Advances in centralized identity management, enabled by products like Windows Active Directory and other single-sign-on solutions, allow administrators to create very fine-grained, limited privilege accounts such as those with read-only and limited access sufficient for assessing device configuration. The solution administrator can centrally consolidate these accounts and strictly limit access to security and audit functions like agentless vulnerability scanning and configuration auditing. With this access, agentless tools can capture rich detail about all applications and configuration settings on a system without affecting the integrity of the system, consuming system resources or creating conflicts with other processes.
Advances in scanning technology have yielded new data collection methodologies so that agentless solutions can collect this data in such a gentle fashion that even industrial control systems and other sensitive devices may be remotely assessed without interfering with mission functions. Even change monitoring, policy compliance auditing, software whitelisting and file integrity monitoring — all functions that previously demanded the use of an agent — can now be achieved with a centralized, network-based model.
As a result of these advances, agentless network security solutions now deliver functions that previously required an agent. These include critical aspects of the continuous monitoring initiatives emerging from the White House Office of Management and Budget and the Defense Department, including configuration auditing.
For organizations straining to cope with new requirements, more assets, evolving threats, fewer human resources and smaller budgets, this is very good news. For example, agentless configuration auditing solutions are now available that:
Typically install in hours and usually generate fewer turf battles.
Cover an entire organization and every IP-enabled device present on a network and identify a much broader set of devices on the network.
Can’t be disabled by users.
Consume negligible resources on the hosts for a brief period during a scan.
Provide file integrity monitoring.
Are easier to maintain, requiring updates on only one or a few systems.
Scale readily with minimal or no additional effort or resources, providing tremendous advantage to large or dynamic organizations.
From a budgetary and time-to-value perspective, this offers a tremendous contrast with current agent-based options offering the same function.

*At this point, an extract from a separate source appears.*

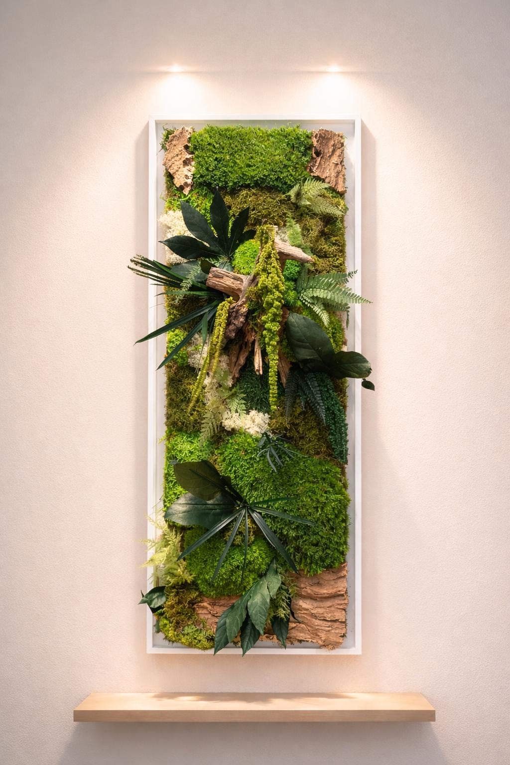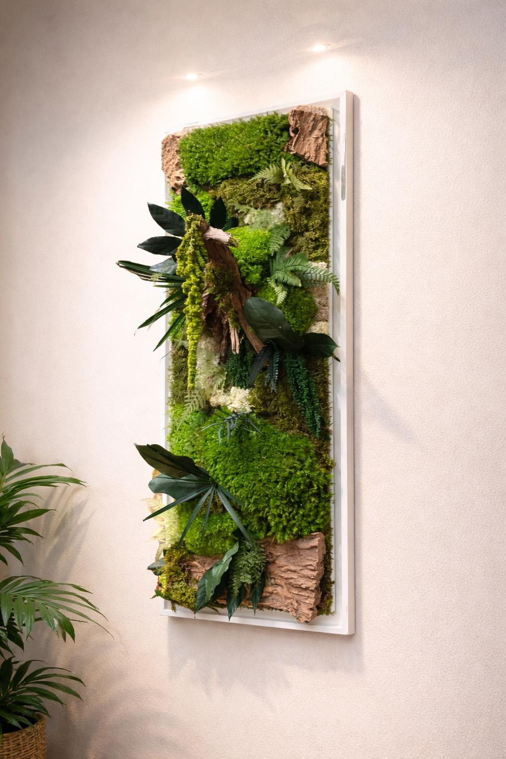 Parfait pour un salon, une entrée ou un bureau, ce format panoramique vertical apporte une touche naturelle et élégante sans entretien. Le contraste du bois blanc et du vert végétal s’accorde aussi bien à une déco bohème qu’à un intérieur design.

The passionate nature of the agent versus agentless debate can take on the character and intensity of a religious war in some organizations. As is so often the case, there is plenty to be said for both approaches. Both classes of solutions are needed to proactively address today’s security challenges.
There will always be security functions that require a presence on the device. However, from a budgetary perspective, and especially for large organizations, agentless solutions are vastly superior when they can meet the requirement — and the range of requirements they can meet has grown markedly in recent years.
Whether and how the Defense Department’s massive investment in the agent-based HBSS approach will be changed is unclear. But there is no doubt that in the years ahead, agentless network security will play a larger role within the department, just as it is beginning to do in the civilian and commercial worlds.
Keren W. Cummins is director of federal markets for nCircle, a San Francisco-based company that provides information security tools to industry and government customers.